● **What to work on**:
The range runs from the line containing "LILYMOON【亚麻直筒裤】松紧腰百搭休闲裤山本风" to the last line of the entries. Restate those lines word for word, without the pictures.

Extracted data entries
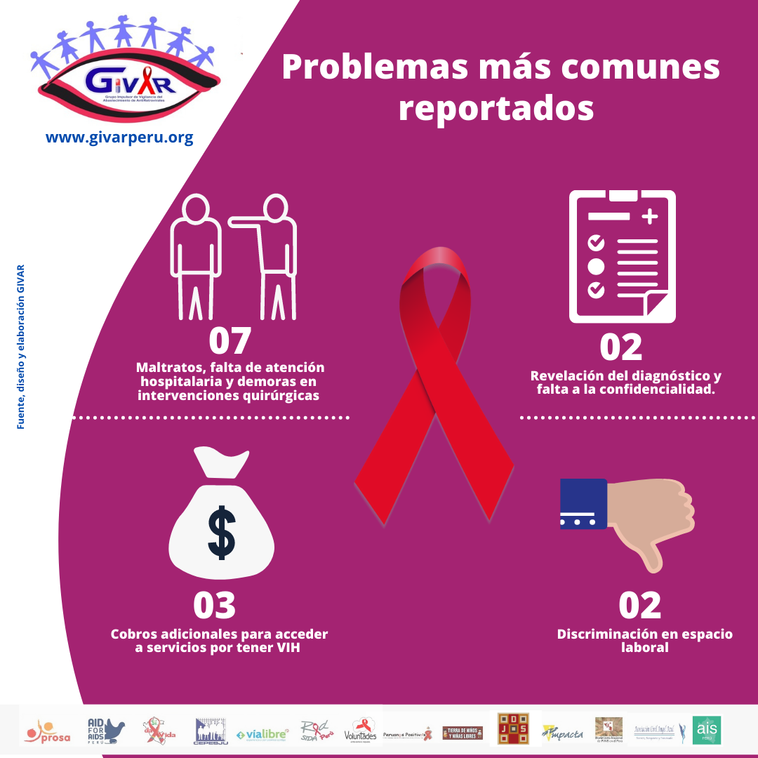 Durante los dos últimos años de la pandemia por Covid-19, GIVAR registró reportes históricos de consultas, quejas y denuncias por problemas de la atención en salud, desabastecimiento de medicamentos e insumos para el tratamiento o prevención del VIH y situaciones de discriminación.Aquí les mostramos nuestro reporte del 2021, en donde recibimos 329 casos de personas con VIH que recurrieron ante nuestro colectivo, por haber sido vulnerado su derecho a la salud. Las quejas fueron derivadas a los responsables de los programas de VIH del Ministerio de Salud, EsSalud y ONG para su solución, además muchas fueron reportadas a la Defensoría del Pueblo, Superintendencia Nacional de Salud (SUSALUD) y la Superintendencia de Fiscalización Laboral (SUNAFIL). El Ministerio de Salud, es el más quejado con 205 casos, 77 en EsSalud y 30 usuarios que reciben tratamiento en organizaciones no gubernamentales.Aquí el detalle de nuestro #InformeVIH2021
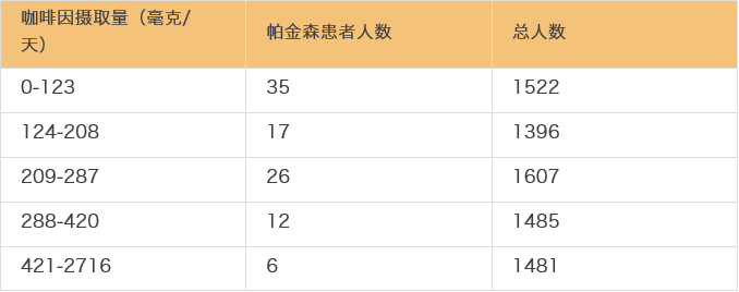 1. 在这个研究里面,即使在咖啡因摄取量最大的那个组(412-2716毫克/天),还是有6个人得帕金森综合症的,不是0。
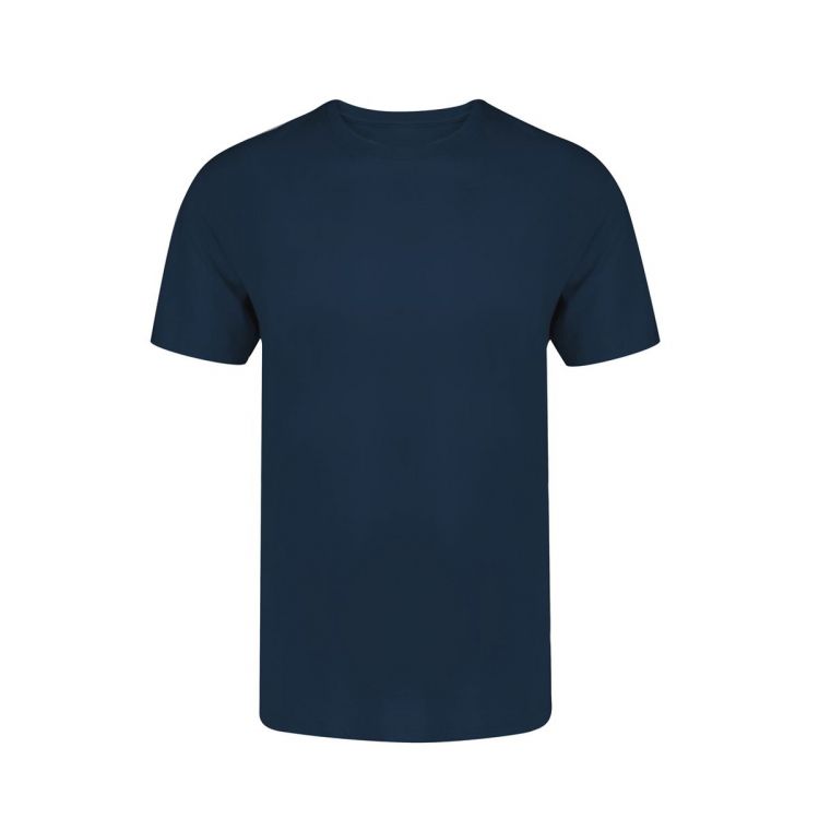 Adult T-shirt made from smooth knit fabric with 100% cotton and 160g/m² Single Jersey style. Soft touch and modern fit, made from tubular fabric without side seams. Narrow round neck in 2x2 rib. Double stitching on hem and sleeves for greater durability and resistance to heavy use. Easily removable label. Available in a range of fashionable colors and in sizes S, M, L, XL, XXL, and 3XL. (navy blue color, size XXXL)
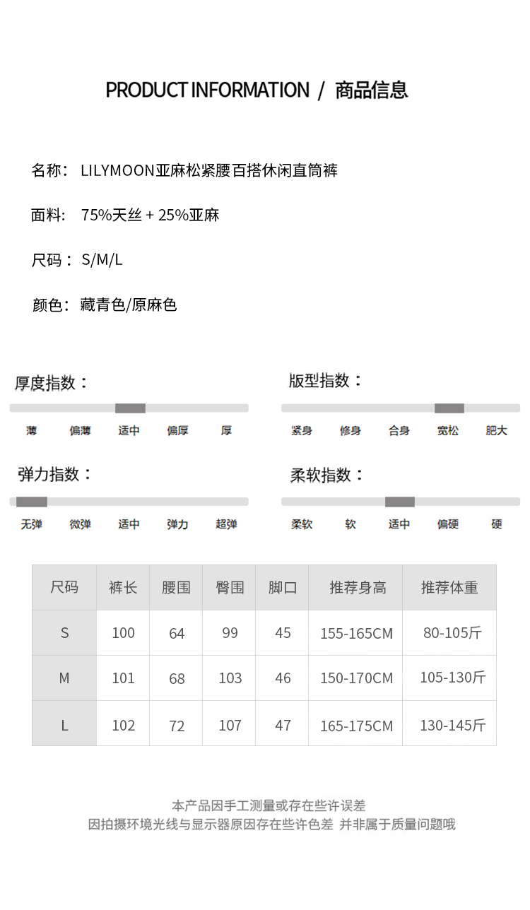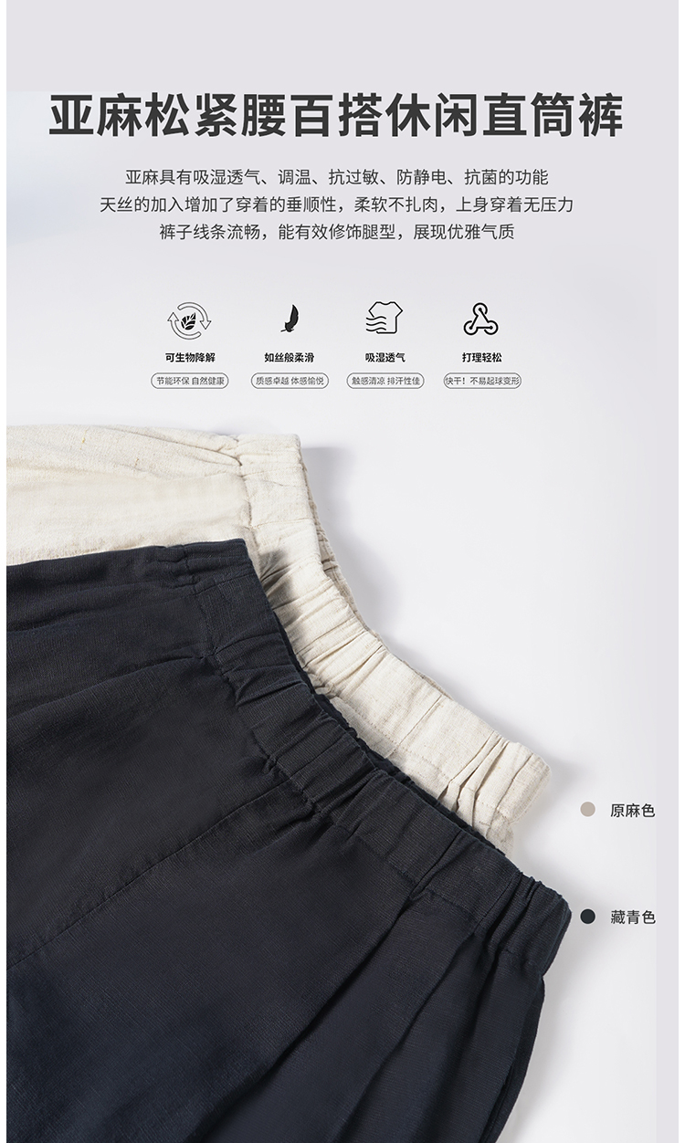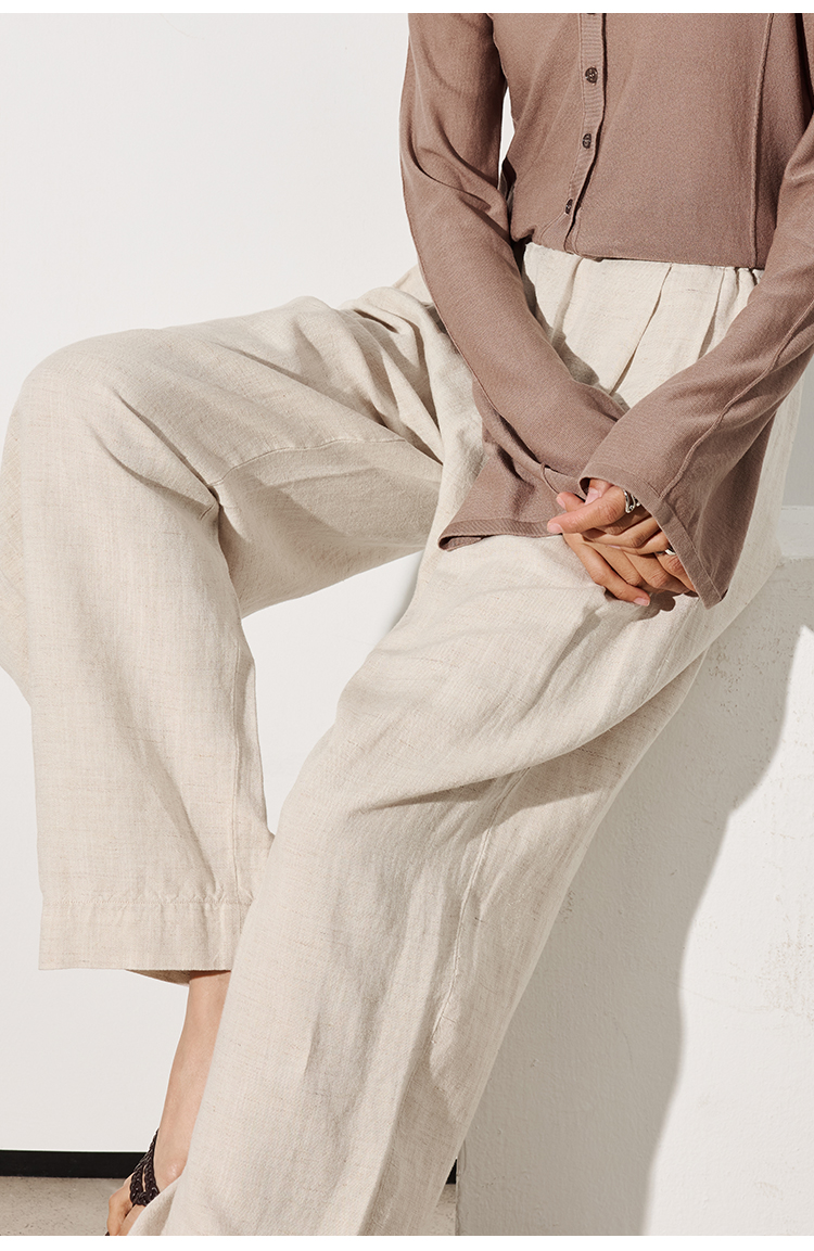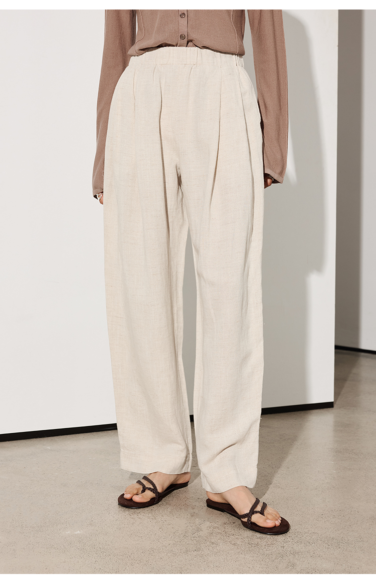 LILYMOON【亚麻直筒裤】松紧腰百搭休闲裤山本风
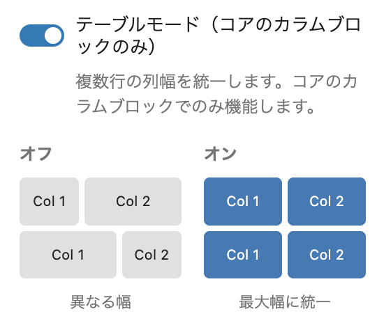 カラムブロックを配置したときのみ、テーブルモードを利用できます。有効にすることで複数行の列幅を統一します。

● **Result of the exercise**:
 LILYMOON【亚麻直筒裤】松紧腰百搭休闲裤山本风
 カラムブロックを配置したときのみ、テーブルモードを利用できます。有効にすることで複数行の列幅を統一します。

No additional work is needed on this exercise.